Молва стала приписывать ей любовников. Злословие даже без доказательств оставляет почти вечные следы. В светском уложении правдоподобие равняется правде, а быть предметом клеветы унижает нас в собственном мнении. Вольская, в слезах негодования, решилась возмутиться противу власти несправедливого света. Случай скоро представился.
Между молодыми людьми, ее окружающими, Зинаида отличила Минского. По-видимому, некоторое сходство в характерах и обстоятельствах жизни должно было их сблизить. В первой молодости Минский порочным своим поведением заслужил также порицание света, который наказал его клеветою. Минский оставил его, притворясь равнодушным. Страсти на время заглушили в его сердце угрызения самолюбия; но, усмиренный опытами, явился он вновь на сцену общества и принес ему уже не пылкость неосторожной своей юности, но снисходительность и благопристойность эгоизма. Он не любил света, но не презирал, ибо знал необходимость его одобрения. Со всем тем, уважая вообще, он не щадил его в особенности, и каждого члена его готов был принести в жертву своему злопамятному самолюбию. Вольская нравилась ему за то, что она осмеливалась явно презирать ему ненавистные условия. Он подстрекал ее ободрением и советами, сделался ее наперсником и вскоре стал ей необходим.
Б** несколько времени занимал ее воображение. «Он слишком для вас ничтожен, – сказал ей Минский. – Весь ум его почерпнут из Liaisons dangereuses*#, так же как весь его гений выкраден из Жомини*. Узнав его короче, вы будете презирать его тяжелую безнравственность, как военные люди презирают его пошлые рассуждения».
– Мне хотелось бы влюбиться в P., – сказала ему Зинаида.
– Какой вздор! – отвечал он. – Охота вам связываться с человеком, который красит волоса и каждые пять минут повторяет с упоением: «Quand j’étais à Florence…#» Говорят, его несносная жена влюблена в него; оставьте их в покое: они созданы друг для друга.
– А барон W.?
– Это девочка в мундире; что в нем… но знаете ли что? влюбитесь в Л. Он займет ваше воображение: он так же необыкновенно умен, как необыкновенно дурен; et puis c’est un homme à grands sentiments#, он будет ревнив и страстен, он будет вас мучить и смешить, чего вам более?
Однако ж Вольская его не послушалась. Минский угадывал ее сердце; самолюбие его было тронуто; не полагая, чтоб легкомыслие могло быть соединено с сильными страстями, он предвидел связь безо всяких важных последствий, лишнюю женщину в списке ветреных своих любовниц и хладнокровно обдумывал свою победу. Вероятно, если б он мог вообразить бури, его ожидающие, то отказался б от своего торжества, ибо светский человек легко жертвует своими наслаждениями и даже тщеславием лени и благоприличию.
II
Минский лежал еще в постеле, когда подали ему письмо. Он распечатал его зевая; пожал плечами, развернув два листа, вдоль и поперек исписанные самым мелким женским почерком. Письмо начиналось таким образом:
«Я не умела тебе высказать всё, что имею на сердце; в твоем присутствии я не нахожу мыслей, которые теперь так живо меня преследуют. Твои софизмы не убеждают моих подозрений, но заставляют меня молчать; это доказывает твое всегдашнее превосходство надо мною, но не довольно для счастия, для спокойствия моего сердца…»

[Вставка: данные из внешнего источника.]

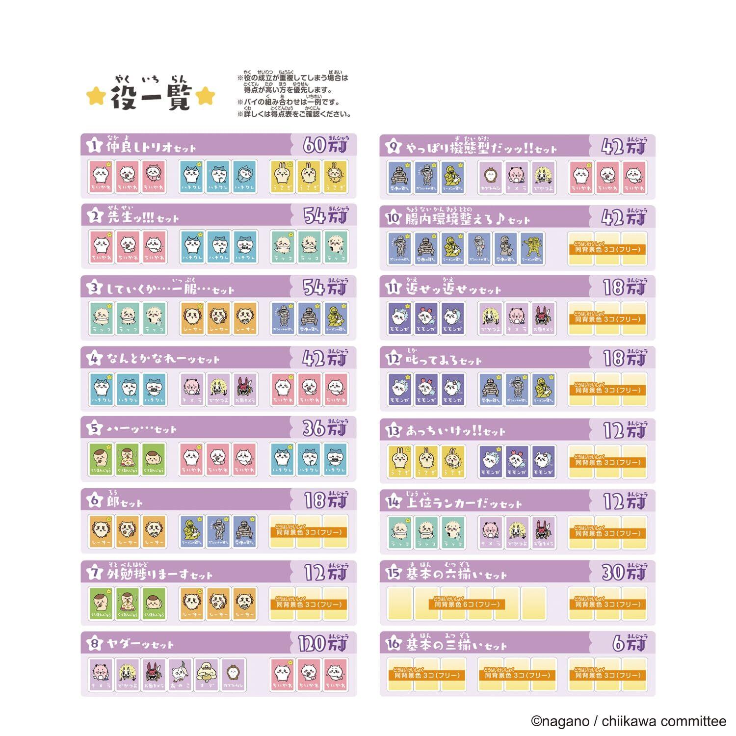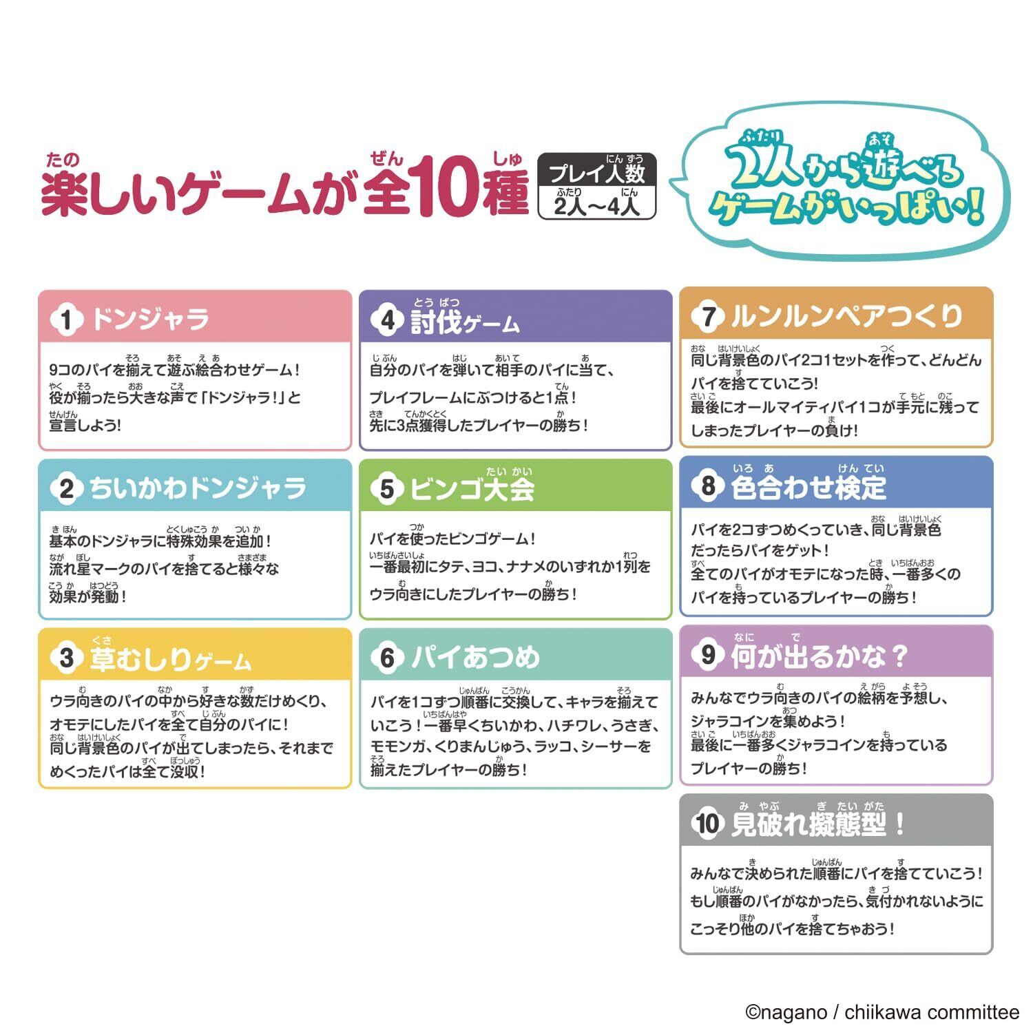 基本のドンジャラから、草むしりゲームや討伐ゲームなど「ちいかわ」の世界観を楽しめるゲームまで、 2人から遊べるゲームを10種収録。

Вольская упрекала его в холодности, недоверчивости и проч., жаловалась, умоляла, сама не зная о чем; рассыпалась в нежных, ласковых уверениях – и назначала ему вечером свидание в своей ложе. Минский отвечал ей в двух словах, извиняясь скучными необходимыми делами и обещаясь быть непременно в театре.
III
– Вы так откровенны и снисходительны, – сказал испанец, – что осмелюсь просить вас разрешить мне одну задачу: я скитался по всему свету, представлялся во всех европейских дворах, везде посещал высшее общество, но нигде не чувствовал себя так связанным, так неловким, как в проклятом вашем аристократическом кругу. Всякий раз, когда я вхожу в залу княгини В. – и вижу эти немые, неподвижные мумии, напоминающие мне египетские кладбища, какой-то холод меня пронимает. Меж ими нет ни одной моральной власти, ни одно имя не натвержено мне славою – перед чем же я робею?
– Перед недоброжелательством, – отвечал русский. – Это черта нашего нрава. В народе выражается она насмешливостию, в высшем кругу невниманием и холодностию. Наши дамы к тому же очень поверхностно образованы, и ничто европейское не занимает их мыслей. О мужчинах нечего и говорить. Политика и литература для них не существуют. Остроумие давно в опале как признак легкомыслия. О чем же станут они говорить? о самих себе? нет, – они слишком хорошо воспитаны. Остается им разговор какой-то домашний, мелочной, частный, понятный только для немногих – для избранных. И человек, не принадлежащий к этому малому стаду, принят как чужой – и не только иностранец, но и свой.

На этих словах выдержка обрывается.